The War Machine 💣
English

The War Machine 💣

by

literature
cognitive science
programming
hobbies
multilingual book club 03

The War Machine

In this post, I'm going to talk about my experience reading Seta in Italian. I won't be talking much about the story of the book and whether I liked it or not in the end. Instead of that, this text will be quite data-centric. It's about hard facts and reliable numbers, so at least I know Linda will read it. And hopefully more people as well. To all of you: welcome!
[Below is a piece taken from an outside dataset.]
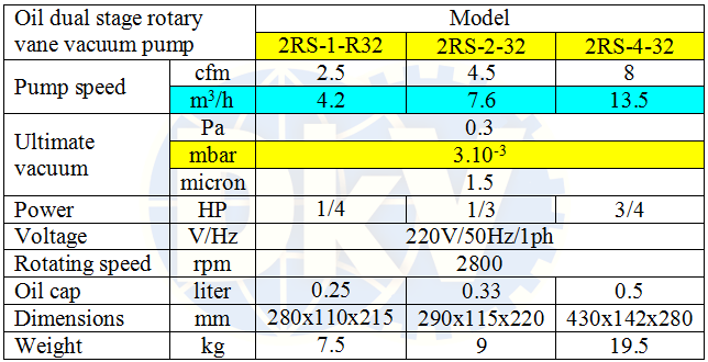 Bơm chân không mini 2RS-1-R32, Oil Lubricated Rotary Vane Vacuum Pumps 2RS-1-R32: thuộc dạng bơm hút chân không vòng dầu (oil-flooded), 2 cấp (dual stage), loại nhỏ mini, có lưu lượng: 4.2 m3/h (2.5 cfm), độ chân không đạt: 3x10-3 mbar (3 Pa), trang bị valve điện từ cùng áp kế, tụ điện chống cháy nổ, chuyên dùng để hút chân không cho các khí gas R32 trong dân dụng, phòng thí nghiệm và công nghiệp.
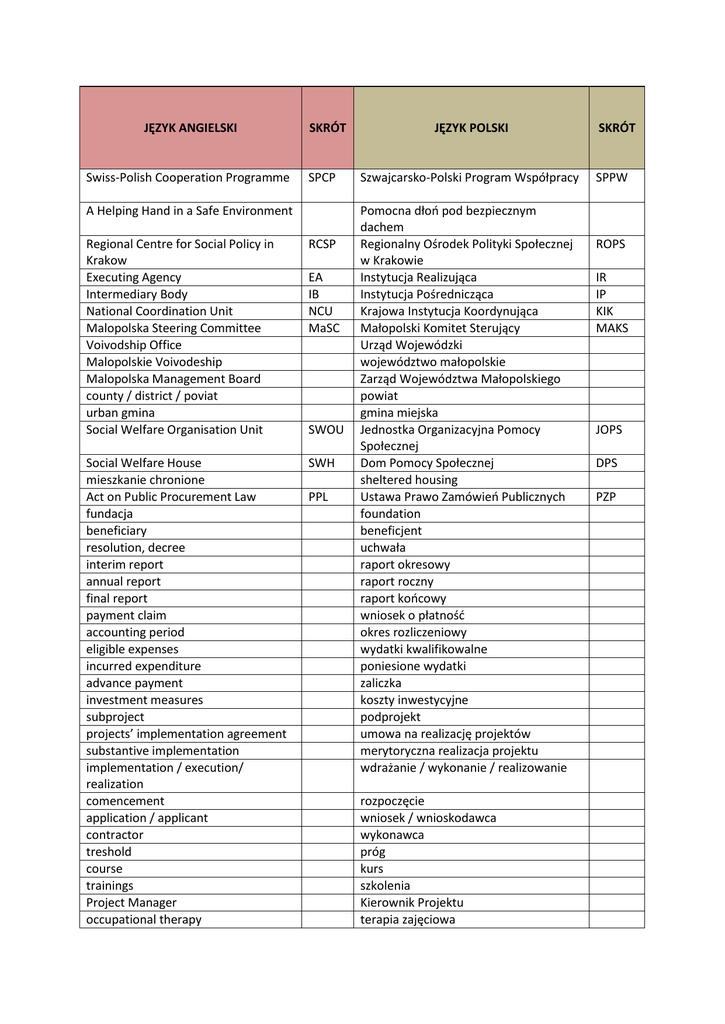 JĘZYK ANGIELSKI Swiss-Polish Cooperation Programme SKRÓT SPCP A Helping Hand in a Safe Environment Regional Centre for Social Policy in Krakow Executing Agency Intermediary Body National Coordination Unit Malopolska Steering Committee Voivodship Office Malopolskie Voivodeship Malopolska Management Board county / district / poviat urban gmina Social Welfare Organisation Unit RCSP Social Welfare House mieszkanie chronione Act on Public Procurement Law fundacja beneficiary resolution, decree interim report annual report final report payment claim accounting period eligible expenses incurred expenditure advance payment investment measures subproject projects’ implementation agreement substantive implementation implementation / execution/ realization comencement application / applicant contractor treshold course trainings Project Manager occupational therapy SWH EA IB NCU MaSC SWOU PPL JĘZYK POLSKI Szwajcarsko-Polski Program Współpracy Pomocna dłoń pod bezpiecznym dachem Regionalny Ośrodek Polityki Społecznej w Krakowie Instytucja Realizująca Instytucja Pośrednicząca Krajowa Instytucja Koordynująca Małopolski Komitet Sterujący Urząd Wojewódzki województwo małopolskie Zarząd Województwa Małopolskiego powiat gmina miejska Jednostka Organizacyjna Pomocy Społecznej Dom Pomocy Społecznej sheltered housing Ustawa Prawo Zamówień Publicznych foundation beneficjent uchwała raport okresowy raport roczny raport końcowy wniosek o płatność okres rozliczeniowy wydatki kwalifikowalne poniesione wydatki zaliczka koszty inwestycyjne podprojekt umowa na realizację projektów merytoryczna realizacja projektu wdrażanie / wykonanie / realizowanie rozpoczęcie wniosek / wnioskodawca wykonawca próg kurs szkolenia Kierownik Projektu terapia zajęciowa SKRÓT SPPW ROPS IR IP KIK MAKS JOPS DPS PZP NAZWY PROJEKTÓW Trening czyni samodzielnym! Training makes independent! Mieszkamy pod bezpiecznym dachem We live in a safe environment Modernizacja IPOW dla Chłopców w Krakowie – ul. Naczelna 12. Modernization of ECEI for boys in Krakow – 12 Naczelna St. Modernizacja infrastruktury Placówki Opiekuńczo Wychowawczej typu interwencyjnego w Nowym Sączu. Modernization of the infrastructure of Emergency Care and Education Institution in Nowy Sącz. Placówka przyjazna wychowankom. Poprawa świadczonych usług w Pogotowiu Opiekuńczym. Child-friendly institution. Improvement of services provided in the Emergency Care. Jestem bezpieczny – poprawa warunków bytowych dzieci przebywających w placówce interwencyjnej. I am safe – improvement of children’s living conditions in emergency institution. Poprawa warunków bytowych dziewcząt przebywających w placówce na osiedlu Willowym. Improvement of living conditions of girls staying at the facility on Willowe estate. Dom przyjazny mieszkańcom. Poprawa świadczonych usług w DPS w Bobrku House friendly to residents. Improvement in provided services into the SWH in Bobrek Rozbudowa DPS w Nowodworzu w celu podniesienia jakości usług Modernizacja DPS ul. Łanowa 41 - budynek 41 Development of SWH in Nowodworze for purpose of upgrading service quality Modernization of SWH at 41 Łanowa street – building 41b Modernization of SWH at 55 Krakowska street in Krakow SWH in Szczyrzyc – expansion, an increase in the quality of services through the infrastructure development and personnel training Modernizacja DPS w Krakowie ul. Krakowska 55 DPS Szczyrzyc –poszerzenie, wzrost jakości usług poprzez rozbudowę, szkolenia pracowników Poprawa życia mieszkańców DPS Gorlice Rozbudowa infrastruktury i szkolenia personelu Modernizacja i rozwój oferty Domu Pomocy Społecznej przy ul. Nawojowskiej 159 w Nowym Sączu Modernizacja jakości usług opieki społecznej świadczonych przez DPS w Zbyszycach Improvement of living standards at SWH in Gorlice - Infrastructure development and personnel training Modernization and service development at SWH, at 59 Nawojowska street in Nowy Sącz Modernization of the quality of social services provided by the SWH in Zbyszyce

https://www.youtube.com/watch?v=sm8TtOnTLdg

Okay, let's get started. Incidentally, this is the first time that I'm writing this post using the Journaly text editor. Until now, I wrote all of them using a plain text editor (I love Geany) and pasted the result immediately before publishing it. But never mind.

So, the book Seta. If you watched the last livestream (and paid attention) of the amazing Multilanguage Book Club, you'll already know I've read the book during my holidays, in two days. It's been 22 months since I was last in Catalonia (if you're going to call that Spain, please leave this text 🤭), so it was definitely a good thing to reset that counter back to zero. Again, never mind.

So, the book Seta. I've read the whole book (okay, it's not that long) using a very simple book reader programmed by yours truly. Instead of just describing the poor thing, let me show you how that looks like. Let's see if I find it... Ah, here it is: https://asciinema.org/a/9bITXnQ4vF9GM5lk5E1kge8lr. Have fun.

Now that you're back from watching that tiny "video" recording, you have a better idea of how my reading experience looked like (and also about my horrible taste of a color scheme for highlighting words on the screen). The essence of the computer program is: It highlights words according to their knowledge. If you know about LingQ or similar software, you'll immediately understand what that means. As I didn't c̶a̶r̶e̶ know about the different already existing software products, I just wrote my own little baby, tailored to my specific needs, wishes and bad ideas. So I'm using that for reading e-books, which I convert first (using Calibre) from the original format (.epub, say) to a plain text document, which is what the program uses.

So, the book Seta. The repetition of sentences reminds me of something I've read lately...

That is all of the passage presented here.